* Task to complete
Leaving the images aside, transcribe all the data below exactly.

* Exercise material
--------------------

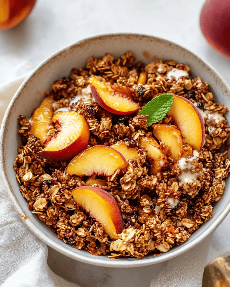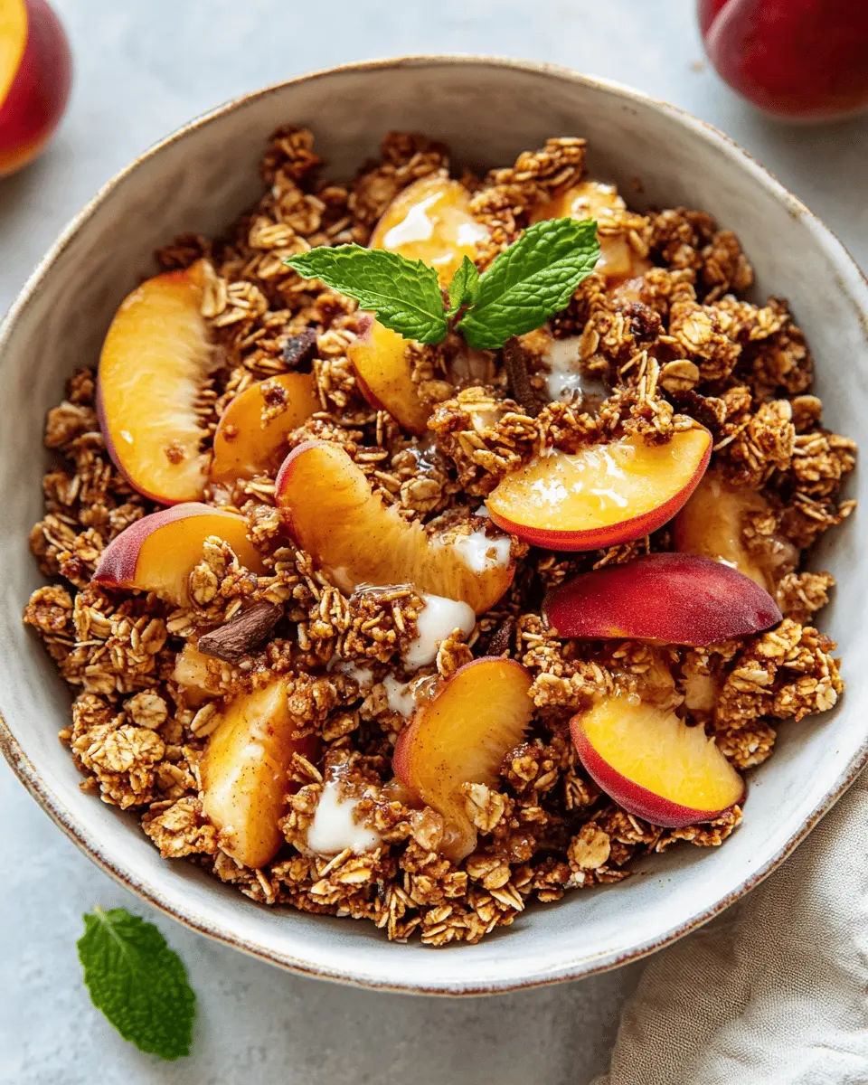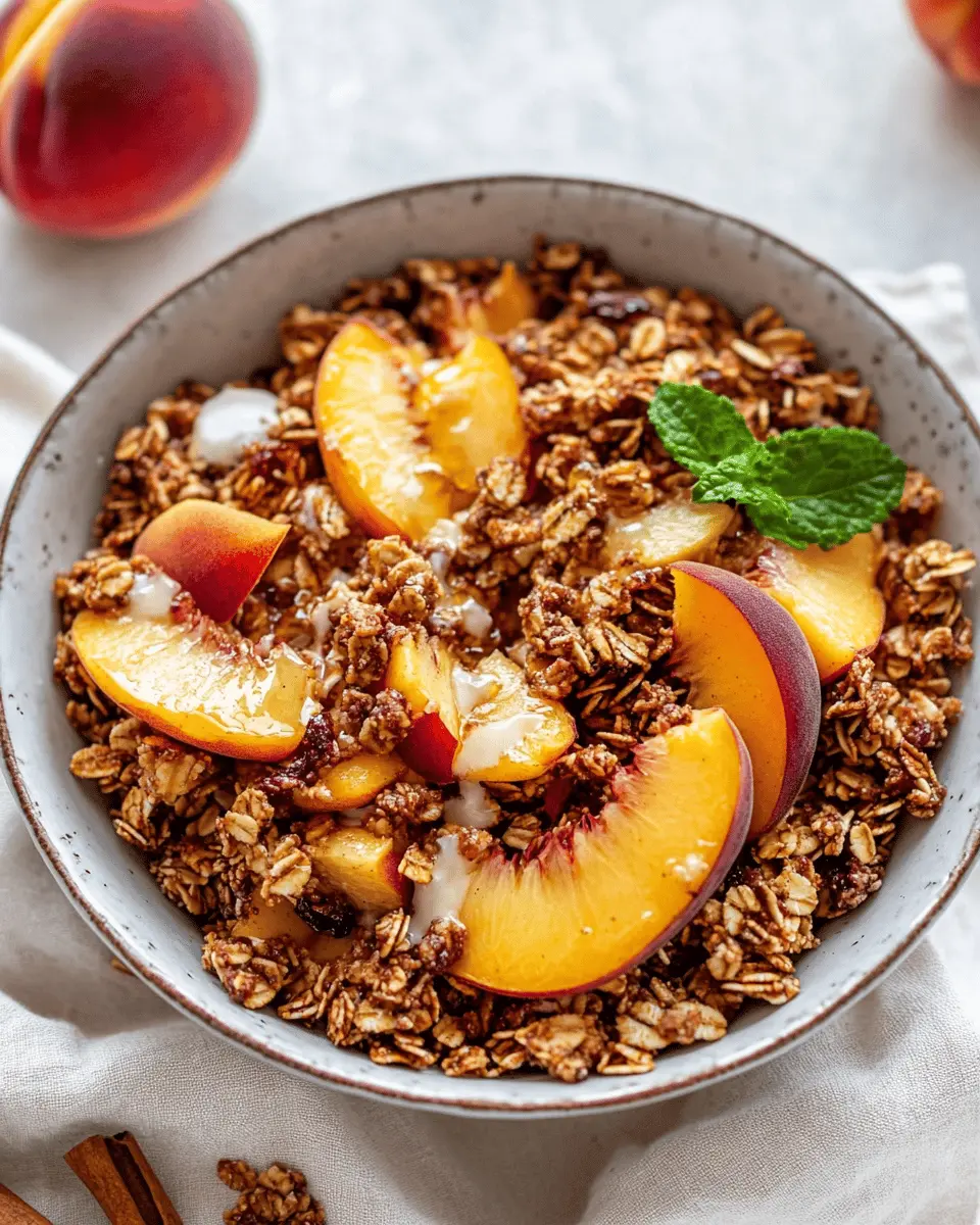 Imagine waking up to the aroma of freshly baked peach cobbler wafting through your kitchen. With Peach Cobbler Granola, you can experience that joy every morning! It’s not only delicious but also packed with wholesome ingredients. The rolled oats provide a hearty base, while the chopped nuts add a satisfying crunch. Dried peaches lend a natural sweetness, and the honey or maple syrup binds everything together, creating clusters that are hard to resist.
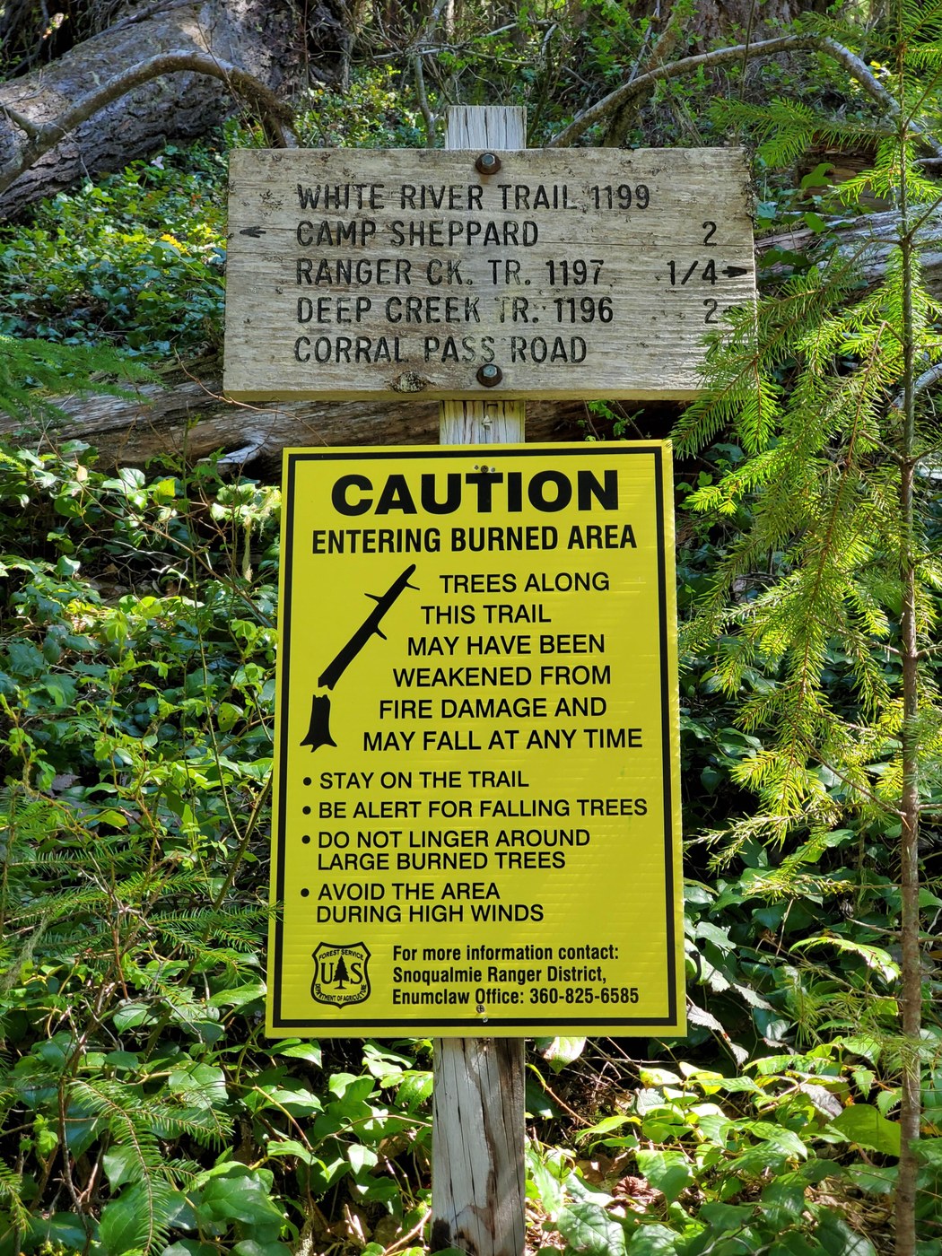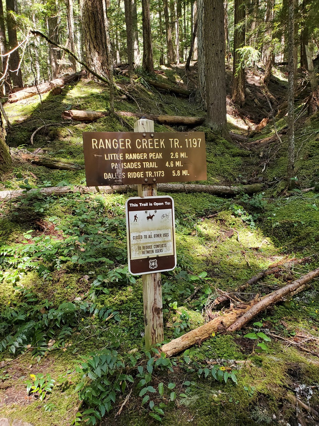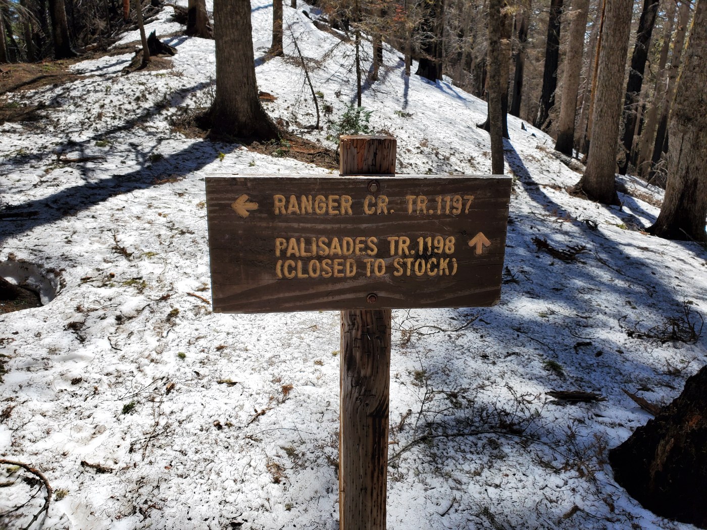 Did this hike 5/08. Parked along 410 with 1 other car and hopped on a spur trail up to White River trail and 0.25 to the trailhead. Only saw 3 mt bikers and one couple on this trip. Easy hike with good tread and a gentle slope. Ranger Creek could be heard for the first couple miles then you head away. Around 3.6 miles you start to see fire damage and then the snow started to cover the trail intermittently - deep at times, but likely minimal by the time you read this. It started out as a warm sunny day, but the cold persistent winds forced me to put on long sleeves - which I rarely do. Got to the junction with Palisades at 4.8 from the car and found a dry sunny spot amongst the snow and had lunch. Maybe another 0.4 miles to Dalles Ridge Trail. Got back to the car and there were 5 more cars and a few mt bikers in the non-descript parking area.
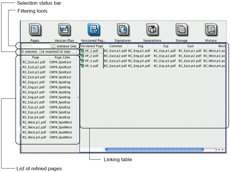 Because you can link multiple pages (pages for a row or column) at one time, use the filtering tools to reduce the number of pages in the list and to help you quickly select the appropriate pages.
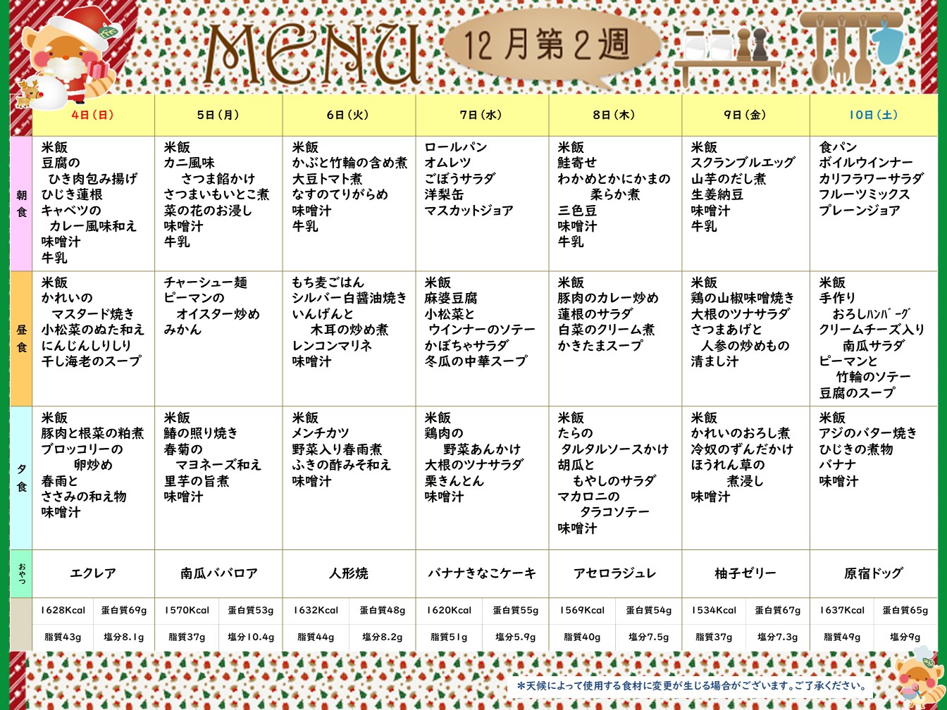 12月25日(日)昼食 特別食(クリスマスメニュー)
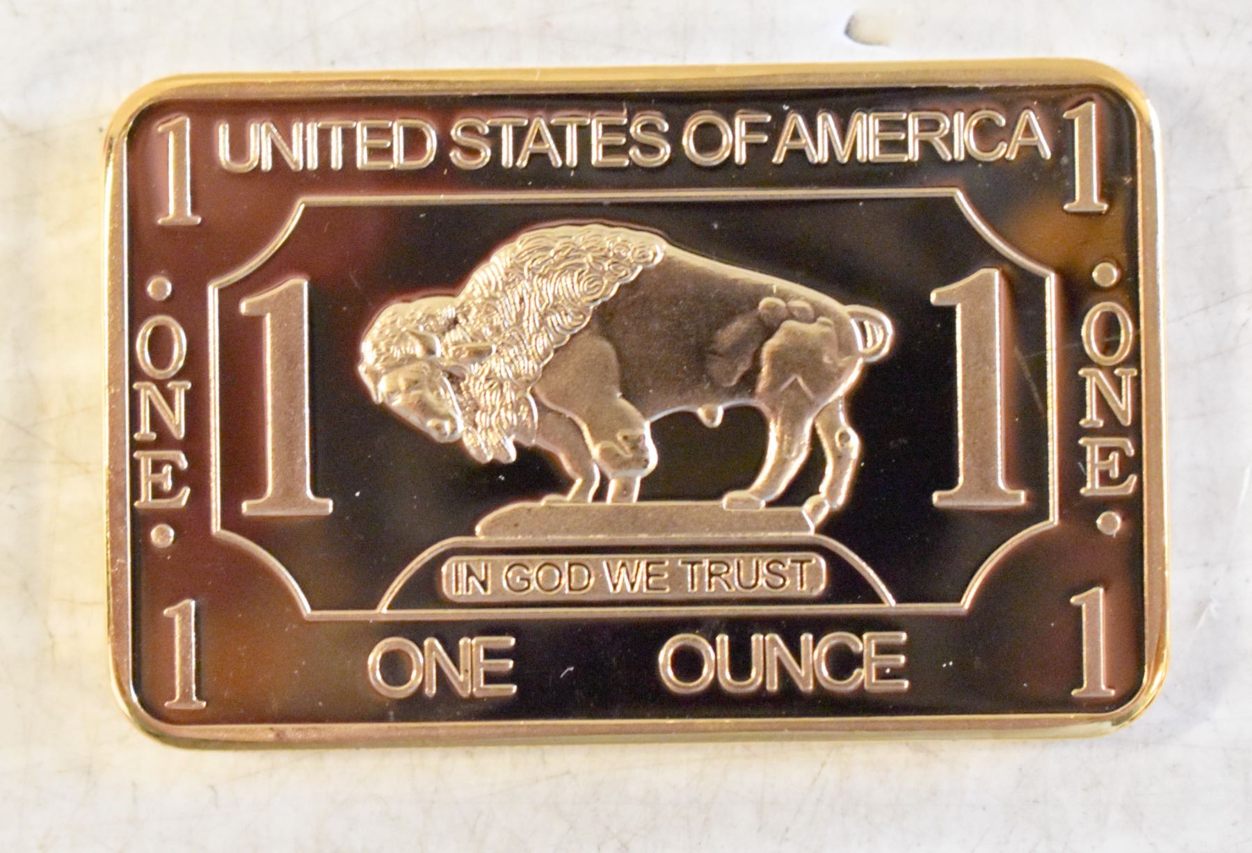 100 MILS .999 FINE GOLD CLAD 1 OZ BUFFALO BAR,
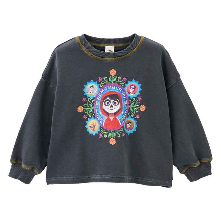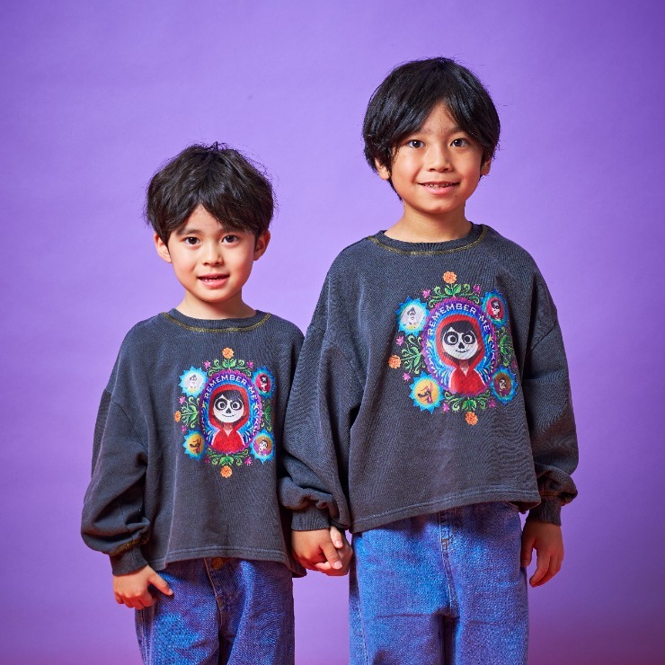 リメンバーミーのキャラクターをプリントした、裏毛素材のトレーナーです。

--------------------

* Response to the task
 Imagine waking up to the aroma of freshly baked peach cobbler wafting through your kitchen. With Peach Cobbler Granola, you can experience that joy every morning! It’s not only delicious but also packed with wholesome ingredients. The rolled oats provide a hearty base, while the chopped nuts add a satisfying crunch. Dried peaches lend a natural sweetness, and the honey or maple syrup binds everything together, creating clusters that are hard to resist.
 Did this hike 5/08. Parked along 410 with 1 other car and hopped on a spur trail up to White River trail and 0.25 to the trailhead. Only saw 3 mt bikers and one couple on this trip. Easy hike with good tread and a gentle slope. Ranger Creek could be heard for the first couple miles then you head away. Around 3.6 miles you start to see fire damage and then the snow started to cover the trail intermittently - deep at times, but likely minimal by the time you read this. It started out as a warm sunny day, but the cold persistent winds forced me to put on long sleeves - which I rarely do. Got to the junction with Palisades at 4.8 from the car and found a dry sunny spot amongst the snow and had lunch. Maybe another 0.4 miles to Dalles Ridge Trail. Got back to the car and there were 5 more cars and a few mt bikers in the non-descript parking area.
 Because you can link multiple pages (pages for a row or column) at one time, use the filtering tools to reduce the number of pages in the list and to help you quickly select the appropriate pages.
 12月25日(日)昼食 特別食(クリスマスメニュー)
 100 MILS .999 FINE GOLD CLAD 1 OZ BUFFALO BAR,
 リメンバーミーのキャラクターをプリントした、裏毛素材のトレーナーです。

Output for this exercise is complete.